What this task involves
Produce as output only the lines below starting at the line with "点积可以通过向量之间夹角的余弦来表示。给定两个向量 a 和" and continuing through the line with "先日、ショートステイでは納涼祭を行いました。 お菓子のつかみ取りや、鈴く……", each one exactly as written.

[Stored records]
<<<<

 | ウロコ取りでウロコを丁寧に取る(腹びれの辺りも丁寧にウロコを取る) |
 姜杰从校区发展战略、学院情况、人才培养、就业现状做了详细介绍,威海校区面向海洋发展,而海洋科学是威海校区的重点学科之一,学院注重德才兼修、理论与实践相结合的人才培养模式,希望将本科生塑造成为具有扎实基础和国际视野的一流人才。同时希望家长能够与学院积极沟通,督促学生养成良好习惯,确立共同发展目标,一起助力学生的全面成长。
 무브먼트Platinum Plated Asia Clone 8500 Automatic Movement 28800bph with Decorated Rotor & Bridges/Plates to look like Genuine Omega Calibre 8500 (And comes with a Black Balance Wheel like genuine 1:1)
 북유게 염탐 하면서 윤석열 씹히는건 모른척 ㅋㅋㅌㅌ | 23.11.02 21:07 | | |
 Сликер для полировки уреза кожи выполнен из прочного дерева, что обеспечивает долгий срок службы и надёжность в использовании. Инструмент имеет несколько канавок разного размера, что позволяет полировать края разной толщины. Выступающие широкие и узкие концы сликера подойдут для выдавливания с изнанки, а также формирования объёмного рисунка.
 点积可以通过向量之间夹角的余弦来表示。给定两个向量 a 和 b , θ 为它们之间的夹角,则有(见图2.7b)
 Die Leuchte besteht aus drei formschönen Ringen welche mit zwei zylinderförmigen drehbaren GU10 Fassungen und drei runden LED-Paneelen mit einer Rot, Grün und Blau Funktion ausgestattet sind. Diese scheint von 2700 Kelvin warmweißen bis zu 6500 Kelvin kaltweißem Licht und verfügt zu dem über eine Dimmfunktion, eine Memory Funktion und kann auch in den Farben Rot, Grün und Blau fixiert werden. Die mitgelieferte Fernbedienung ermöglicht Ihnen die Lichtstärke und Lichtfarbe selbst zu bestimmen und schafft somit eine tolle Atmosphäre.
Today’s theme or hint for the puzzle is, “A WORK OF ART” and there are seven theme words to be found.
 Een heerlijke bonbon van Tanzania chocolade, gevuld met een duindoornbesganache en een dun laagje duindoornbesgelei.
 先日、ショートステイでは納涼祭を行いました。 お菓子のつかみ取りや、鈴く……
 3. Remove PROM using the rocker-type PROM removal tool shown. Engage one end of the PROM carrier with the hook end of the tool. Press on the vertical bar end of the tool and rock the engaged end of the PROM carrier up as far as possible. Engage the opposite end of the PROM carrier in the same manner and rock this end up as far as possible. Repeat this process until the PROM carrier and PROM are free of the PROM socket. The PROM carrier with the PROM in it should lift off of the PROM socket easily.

>>>>

Your solution
 点积可以通过向量之间夹角的余弦来表示。给定两个向量 a 和 b , θ 为它们之间的夹角,则有(见图2.7b)
 Die Leuchte besteht aus drei formschönen Ringen welche mit zwei zylinderförmigen drehbaren GU10 Fassungen und drei runden LED-Paneelen mit einer Rot, Grün und Blau Funktion ausgestattet sind. Diese scheint von 2700 Kelvin warmweißen bis zu 6500 Kelvin kaltweißem Licht und verfügt zu dem über eine Dimmfunktion, eine Memory Funktion und kann auch in den Farben Rot, Grün und Blau fixiert werden. Die mitgelieferte Fernbedienung ermöglicht Ihnen die Lichtstärke und Lichtfarbe selbst zu bestimmen und schafft somit eine tolle Atmosphäre.
Today’s theme or hint for the puzzle is, “A WORK OF ART” and there are seven theme words to be found.
 Een heerlijke bonbon van Tanzania chocolade, gevuld met een duindoornbesganache en een dun laagje duindoornbesgelei.
 先日、ショートステイでは納涼祭を行いました。 お菓子のつかみ取りや、鈴く……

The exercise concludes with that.